4 Ways to Lengthen Your Infographic Content

In today’s multidimensional world, there is no one size fits all. When you have a great concept that demands recognition, why not use every possible entity to make sure your message is heard?

Traditionally, infographics have been the ultimate medium for presenting content, and while it’s a tried-and-true method of expanding your reach, it’s only the beginning of what you can do with that content once it’s an infographic.

In this post, we’ll explore some methods for reusing your infographics in other media.

Split your content into a blog post

There are two common directions you can take when posting an infographic to your blog: host the full-size image directly on your page, or apply a smaller version, which, when clicked, will open into a full infographic. Both are solid hosting methods, they tend to limit how you and your readers can share through other channels.

For example, when someone tweets a link to your infographic, the tweet will only share the blog post title along with the link. This does not help to capture the attention of the audience. One solution to this situation is: You can take advantage of hard section breaks in your infographic, separate them into their own individual sections, and then add share buttons to each one. Now when someone shares your content, you have the option to share one image or multiple images. It will automatically link to your blog post.

Create more microcontent

Micro content can come in many different forms. Tweeting the blog can be considered micro-content, since it is basically a condensed interpretation of a larger piece of content. Infographic sections can also be considered micro-content. Although not as easy, infographics can be divided into sections this way, which is not always possible.

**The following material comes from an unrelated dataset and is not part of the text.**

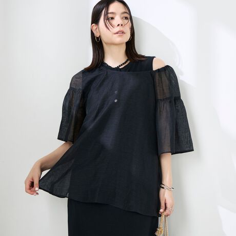 ・ドロップショルダーにギャザーを寄せたボリュームスリーブも、素材のハリ感で落ち着いた佇まいに

Try to pull out clusters of information or data sets within your Infographic and build them into a series of “mini-Infographics”. By doing so, you’re essentially creating even more content that can be used across many channels, as well as extending the lifespan of existing content.

Expand content in white papers and e-books

Typically, the content used in an infographic is just one part of a larger set of data or information obtained from the original source. You can use this additional content, along with the design style and layout of your infographics, to your advantage by expanding on the topic through the creation of a white paper or e-book.

All of the amazing micro-content you created in Infographic itself can be used to drive traffic to your white paper or e-book.

Try to create a motion graph

With video content quickly becoming one of the top forms of media being consumed, expanding your infographics to motion graphics isn’t a bad idea. However, it is a very difficult type of content to develop due to the time it takes. And the skill that usually goes into creating it is something worth seeing.

If a full motion graphic video seems like too much then you can opt for a series of shorter animations or GIFs.

From topic research to content development and design, creating an infographic can be an ambitious undertaking. You’ll want to get as much use out of it as possible, and the suggestions above are a good start.